Downloads and returns a dataset with an expanded set of oncology-relevant phenotype terms (UMLS), using OncoTree as a starting point. The expansion has been conducted by tracking the MeSH/UMLS tree structure with phenotype terms. Each record comes with cross-references to Disease Ontology (DO), Experimental Factor Ontology (EFO), and ICD10 wherever available. The dataset comes as a list object, with two elements:

  • metadata - a data frame with metadata regarding annotation resources used

  • records - a data frame with phenotype terms

Usage

get_terms(
  cache_dir = NA,
  force_download = FALSE,
  site = NA,
  ignore_minor_type = FALSE
)

Arguments

cache_dir

Local directory for data download

force_download

Logical indicating if local cache should be overwritten (set to TRUE to re-download if file exists in cache)

site

limit phenotype terms to those relevant for a given primary tumor type/site.
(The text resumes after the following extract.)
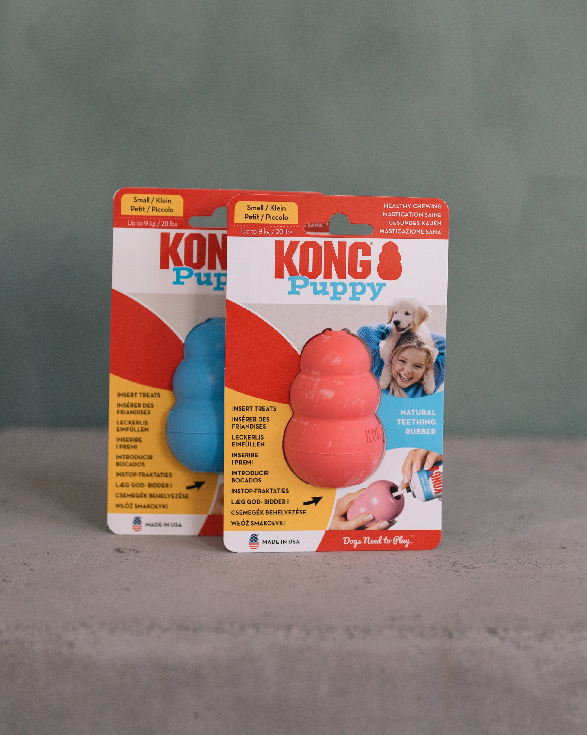 Puppy KONG är speciellt framtagen för valpar med sina mjölktänder. Den unika blandningen av naturgummi är den mildaste i KONG-serien och är designad för valpar med 28 mjölktänder. Leksaken hjälper valpen att tugga rätt och tillfredsställa sina instinkter, samtidigt som den studsande formen gör den extra rolig för lek.

Possible values: 'Adrenal Gland', 'Ampulla of Vater', 'Biliary Tract', 'Bladder/Urinary Tract', 'Bone', 'Breast', 'Cervix', 'CNS/Brain', 'Colon/Rectum', 'Esophagus/Stomach', 'Eye', 'Head and Neck', 'Kidney', 'Liver', 'Lung', 'Lymphoid', 'Myeloid', 'Other/Unknown', 'Ovary/Fallopian Tube', 'Pancreas', 'Penis', 'Peripheral Nervous System', 'Peritoneum', 'Pleura', 'Prostate', 'Skin', 'Soft Tissue', 'Testis', 'Thymus', 'Thyroid', 'Uterus', 'Vulva/Vagina'

ignore_minor_type

logical indicating if minor tumor types should be excluded or not

Value

metadata - A data frame with 5 rows and 6 columns:

  • source - gene annotation source

  • annotation_data - type of annotations used

  • url - URL of annotation resource

  • citation - publication to cite for annotation source (citation; PMID)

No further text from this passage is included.